Data:
*****
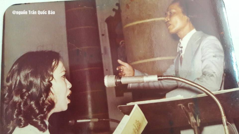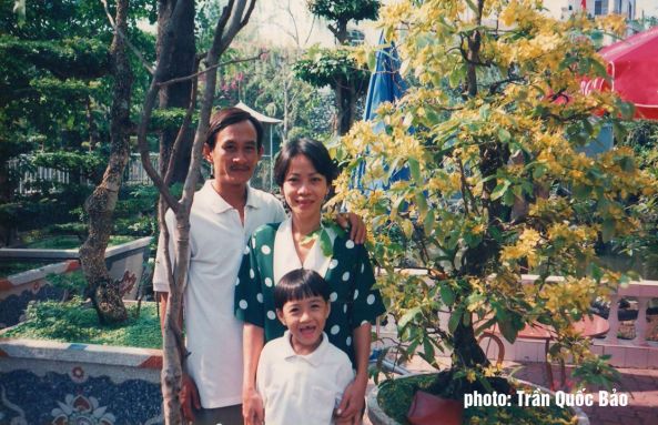 Vợ chồng Dạ Hương và con trai Thái Quyền ghé thăm Trần Quốc Bảo tại khách sạn Hương Việt tháng 2 năm 1996
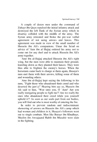 `Amr ibn al-Hajjaj attacked Hussein ibn Ali's right
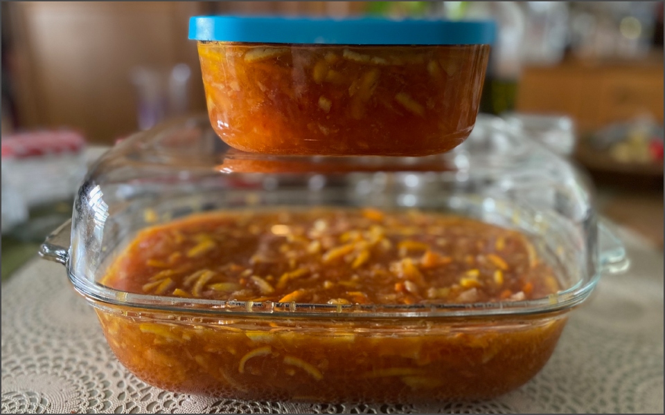 Εδώ στο χωριό οι πλαγιές είναι «βαμμένες» πράσινες με κίτρινες κηλίδες από τα λεμόνια, ανάμεσά τους φυτρώνουν και μερικές πορτοκαλιές. Το πεσκέσι που έρχεται κάθε χρόνο είναι τα πιο γλυκά (και τεράστια) μέρλιν πορτοκάλια που μπορείς να φανταστείς. Φτιάχνω κέικ με ολόκληρο πορτοκάλι, που γίνεται εκπληκτικό και όλοι το λατρεύουν, φυλάω πούλπα (ολόκληρα πορτοκάλια λιωμένα στο μούλτι) στην κατάψυξη μοιρασμένη σε σακουλάκια των 300 γρ για επόμενα κέικ, φτιάχνω μαρμελάδα. Σκέτη ή και με λεμόνι. Τα δικά μου πορτοκάλια είναι τόσο γλυκά που δεν χρειάζονται ούτε ξύσιμο της φλούδας ή βράσιμο για να φύγει η πίκρα. Απλά δεν έχουν πίκρα.
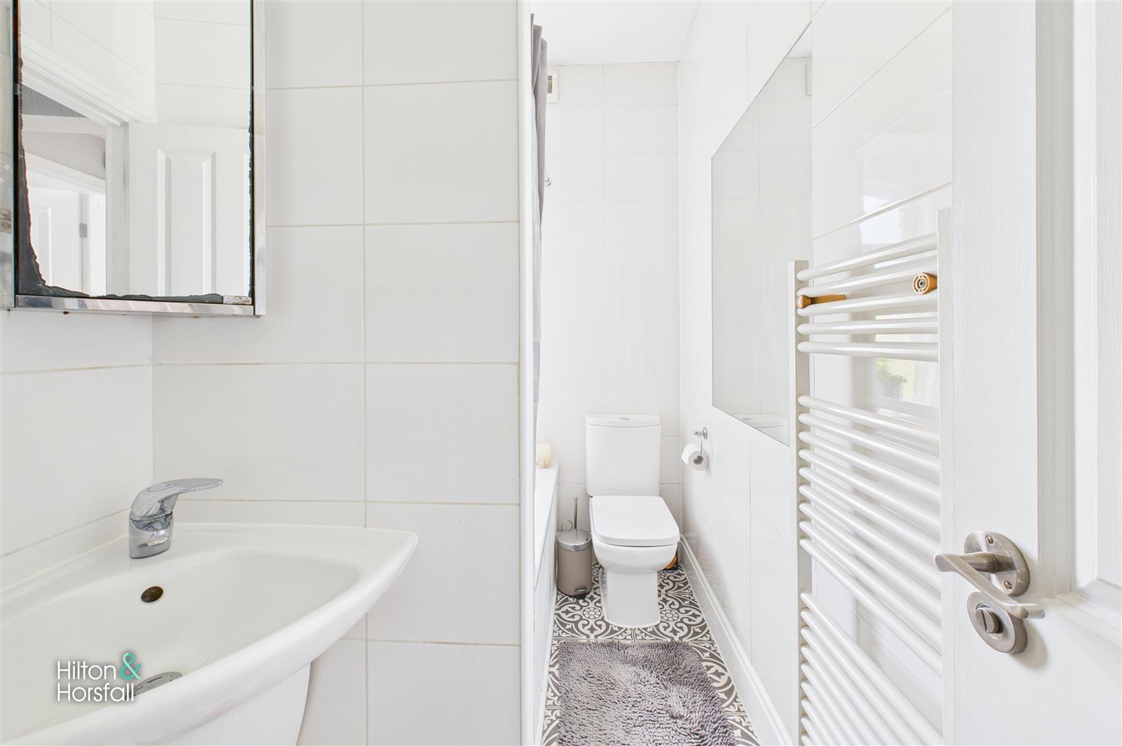A modern three-piece bathroom suite comprising a panelled bath with shower over, pedestal wash basin and low-level WC. The room is fully tiled for ease of maintenance and includes a heated towel rail and frosted window providing natural light and privacy. A clean, bright and practical space ideal for everyday family use.
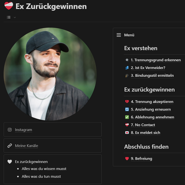 Fühlst du, dass zwischen dir und deinem Ex-Partner oder deiner Ex-Partnerin noch nicht alles gesagt ist? Möchtest du die Chance nutzen, eure Beziehung wieder aufleben zu lassen und die Liebe neu zu entfachen? In meinem "Ex Zurück"-Guide zeige ich dir genau, wie du das schaffen kannst.
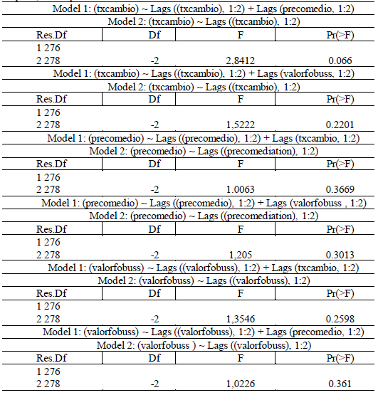 When applying a shock using two lags of the average price variable together with two lags of the exchange rate and, subsequently, with the value of exports, the result showed that the p-value associated with the average price, both with the exchange rate and the value of exports, was higher than the 5% significance level. This indicates that the null hypothesis cannot be rejected. Thus, it can be concluded that the average price does not Granger cause either the exchange rate or the value of exports, showing that a shock in the lagged values of the average price variable does not impact the exchange rate or the value of exports.
*****
Goal of the exercise: With the pictures omitted, print the lines above exactly, beginning at the line with "ibn Ali's right" and going on through the line with "Εδώ στο χωριό".

Solution:
 `Amr ibn al-Hajjaj attacked Hussein ibn Ali's right
 Εδώ στο χωριό οι πλαγιές είναι «βαμμένες» πράσινες με κίτρινες κηλίδες από τα λεμόνια, ανάμεσά τους φυτρώνουν και μερικές πορτοκαλιές. Το πεσκέσι που έρχεται κάθε χρόνο είναι τα πιο γλυκά (και τεράστια) μέρλιν πορτοκάλια που μπορείς να φανταστείς. Φτιάχνω κέικ με ολόκληρο πορτοκάλι, που γίνεται εκπληκτικό και όλοι το λατρεύουν, φυλάω πούλπα (ολόκληρα πορτοκάλια λιωμένα στο μούλτι) στην κατάψυξη μοιρασμένη σε σακουλάκια των 300 γρ για επόμενα κέικ, φτιάχνω μαρμελάδα. Σκέτη ή και με λεμόνι. Τα δικά μου πορτοκάλια είναι τόσο γλυκά που δεν χρειάζονται ούτε ξύσιμο της φλούδας ή βράσιμο για να φύγει η πίκρα. Απλά δεν έχουν πίκρα.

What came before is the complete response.